Screen Shot 2020-04-10 at 10 28 05 AM

Also, when I ran the model on my data using just one-class and sigmoid activation, I do get the prediction masks. So, therefore, I would think the above is a correct problem. Somehow softmax2d is having a hard time dealing with image masks with too many zeroes.

Screen Shot 2020-04-10 at 11 12 20 AM

May be applying softmax only on the values !=0 would solve this problem like here where they use masked_softmax?

TimbusCalin commented 3 years ago

Did you manage to solve this problem? If so, how did you?

Thank you 👍

TimbusCalin commented 3 years ago

Debug a code carefully, check the output of each stage of code.

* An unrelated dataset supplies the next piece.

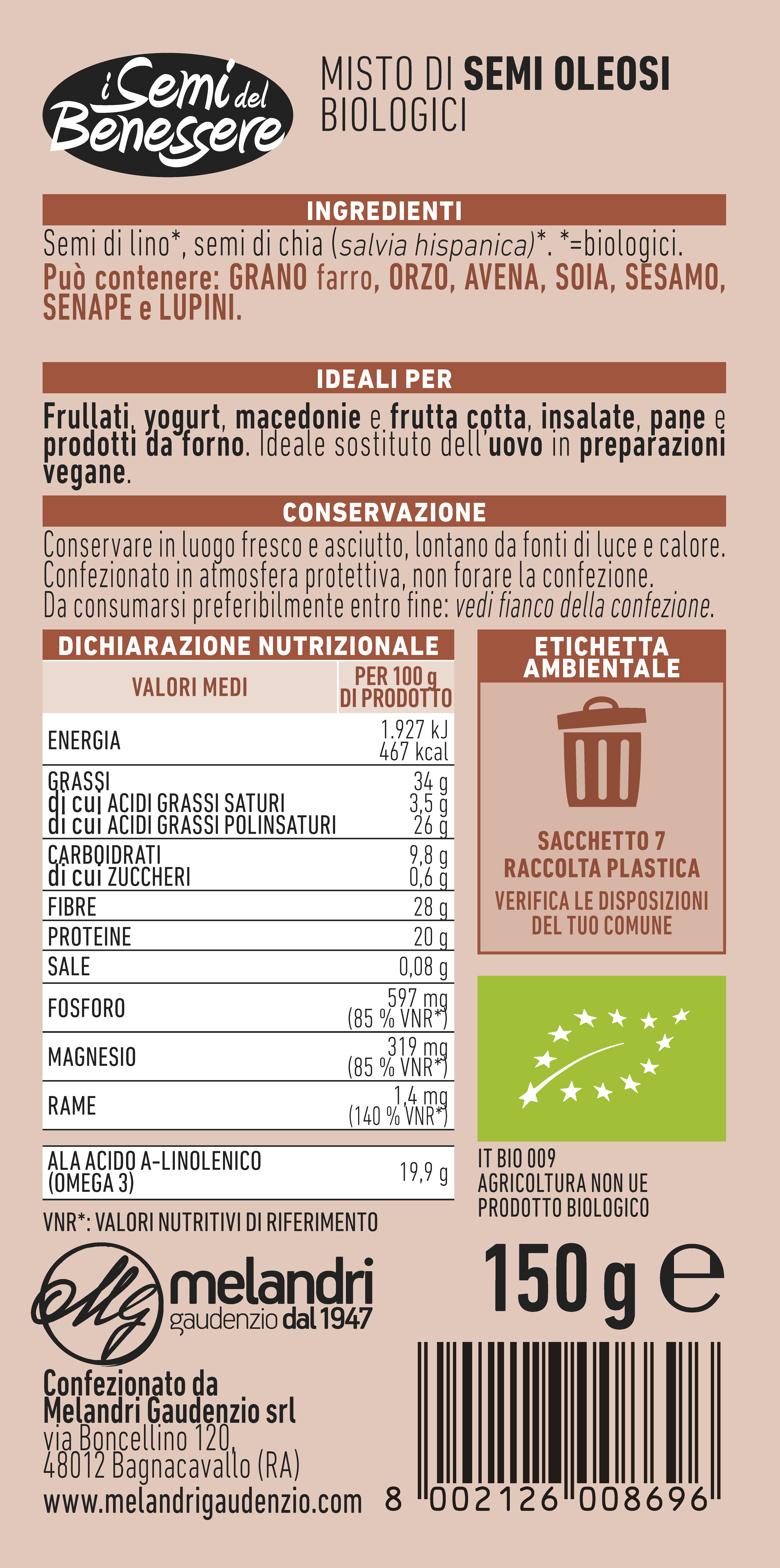 Ingredienti: semi oleosi in proporzione variabile (semi di lino* , semi di chia Salvia ispanica*).*=biologici

You can write your own training loop to make it easy:

# simple example 
for image, mask in loader:
  image = image.to(device)
  mask = mask.to(device)
  pred = model(image)   # e.g. check that predictions are not empty pred.sum()  > 0

  loss = criterion(pred, mask)
  loss.backward()
  optimizer.step()
  optimizer.zero_grad()

I can confirm the same phenomenon --- happens only when the ground truth has a lot of 0s (void/empty class)

github-actions[bot] commented 2 years ago

This issue is stale because it has been open 60 days with no activity. Remove stale label or comment or this will be closed in 7 days.

github-actions[bot] commented 2 years ago

This issue was closed because it has been stalled for 7 days with no activity.